Getting Along as a Single Mom

Most of the time, I think being a single mom is easier than being a married one (or a coupled one). First of all, I get to sleep on whatever side of the bed I want, I’m in charge of all vacation planning (no golf trips for us!), and I never have to worry about taking turns in the master bath. The down side of being a single mom is that I’m always on. There is literally not a single, solitary second of the day that I’m not engaged or “on call,” and there’s no way around that. I have parented through food poisoning, headaches, flus, sprained limbs, and one very memorable broken toe. There are always lunches to be packed, homework to be done, and nightmares to be talked through. Being a mom is more than a full-time job. I have one of those, and it’s never woken me up in the middle of the night or thrown up in my car. A full-time job comes with physical and mental boundaries around it…but being a mom? That’s a whole different ball game.

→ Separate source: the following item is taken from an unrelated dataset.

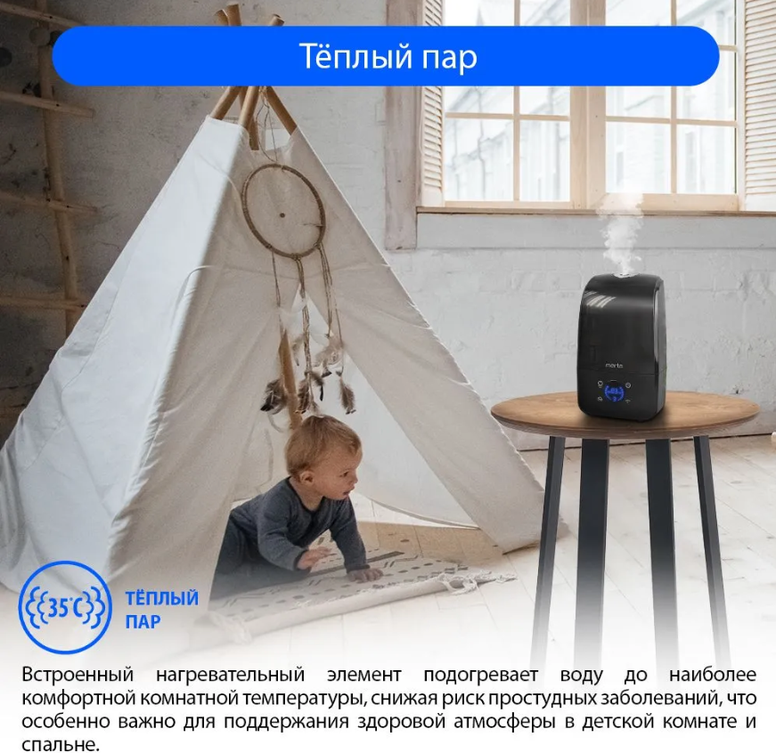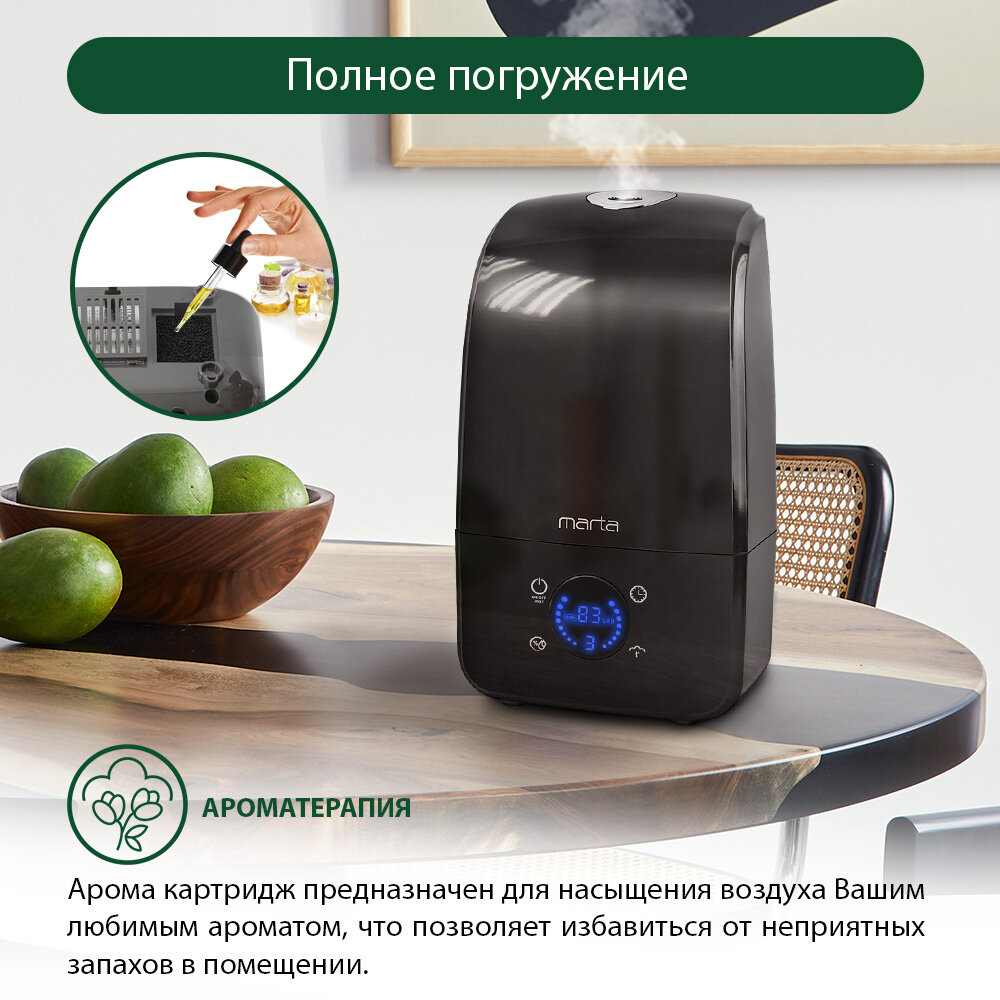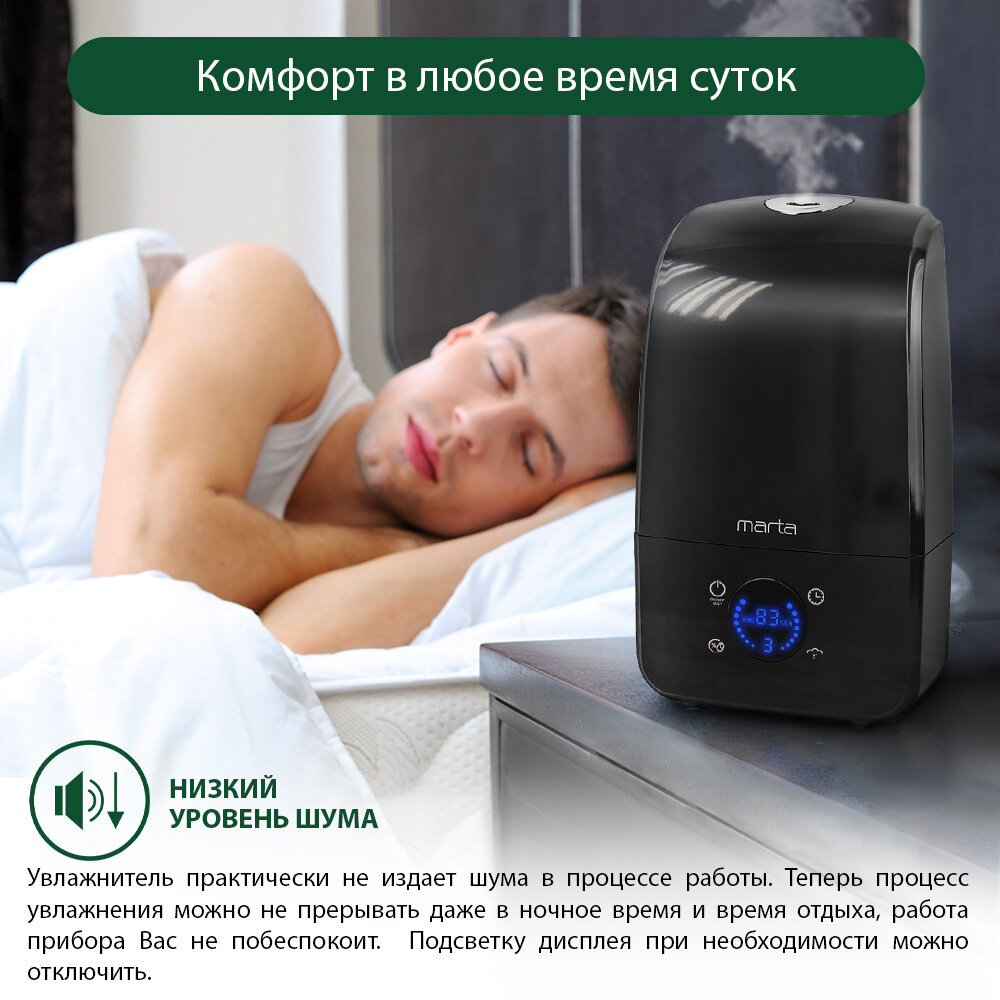 Увлажнитель воздуха MARTA MT-2381, черный жемчуг интересное:

It’s not that I resent the choices I’ve made or the life events that led me here…it’s more that I realize now that I can never turn off my “mommy brain.”  My non-single mom friends tell me that they, too, are always “mom,” but I think there’s a subtle different. Moms with partners always have a backup, a last resort, a bottom line. In my house, it’s me, and all me, all the time. There’s a kind of high-intensity brain exhaustion that goes along with that realization…probably like a pilot or a ship’s captain, “The buck stops here. Literally.” But on the other hand, I know that even though I’m making all the decisions, I’m making the right ones. And I have to be proud of that.

What do other single moms do deal with 24/7 “mommy brain”? Do other single moms feel the same way?